What is Mobile Privacy? Bambooz for Privacy

Even though apps have privacy settings, it’s still difficult to monitor what users allow. Although each app has its own license and privacy policy, some are different.

  • While some apps are standalone, others require additional functionality, such as showing ads or adding titles, providing additional layers of gameplay for you to work properly and connect to other apps and other websites. Some of them are third-party apps.
  • Each additional app may (or may not) have its privacy policy, and the user may assume that the above privacy policy is included in subsequent app downloads.
  • However, many applications do not allow the use of third-party data.

In short, even if you’re sure you’re right about an app’s privacy policy when other apps are connected, the picture gets complicated, especially when it comes to third parties.

What is Mobile Privacy? Protection of Your Privacy

How not to give up on the highways
Before installing the app:

  • Read the application instructions.
  • Consider which app needs the permission it is asking for. If the mandates seem overwhelming, ask yourself if they can come and study for you.
  • Read the privacy policy. If you don’t or can’t see where your data is, don’t install the app.

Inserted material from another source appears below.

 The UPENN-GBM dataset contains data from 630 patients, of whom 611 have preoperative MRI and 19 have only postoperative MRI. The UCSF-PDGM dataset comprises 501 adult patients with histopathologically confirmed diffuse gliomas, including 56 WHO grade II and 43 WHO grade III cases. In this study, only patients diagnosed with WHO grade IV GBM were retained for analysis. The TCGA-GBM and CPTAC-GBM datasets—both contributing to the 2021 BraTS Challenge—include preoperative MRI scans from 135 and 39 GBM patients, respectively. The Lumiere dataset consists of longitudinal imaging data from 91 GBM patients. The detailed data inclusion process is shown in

If you have the app installed:

  • For Android apps, you can remove unauthorized permissions by going to the Settings menu and clicking Permissions. Removing permissions can break a poorly designed app. Well-designed apps will tell you when you’re trying to do something for which they need permission.
  • For iOS apps, you can remove unauthorized permissions by going to the Settings menu and clicking on Privacy.

What is Mobile Privacy? How to Protect Your Personal Information

Read the privacy policy of each social networking site and app you use.

  • Of course, don’t log into the app with your public account. If so, check the information the app receives from your social media accounts.
  • If you connect your social media accounts to apps, be careful about how much information you share in public posts on social media sites.
  • If you send data from your app to a social networking site, consider whether you want the social networking site to have access to this information about your app.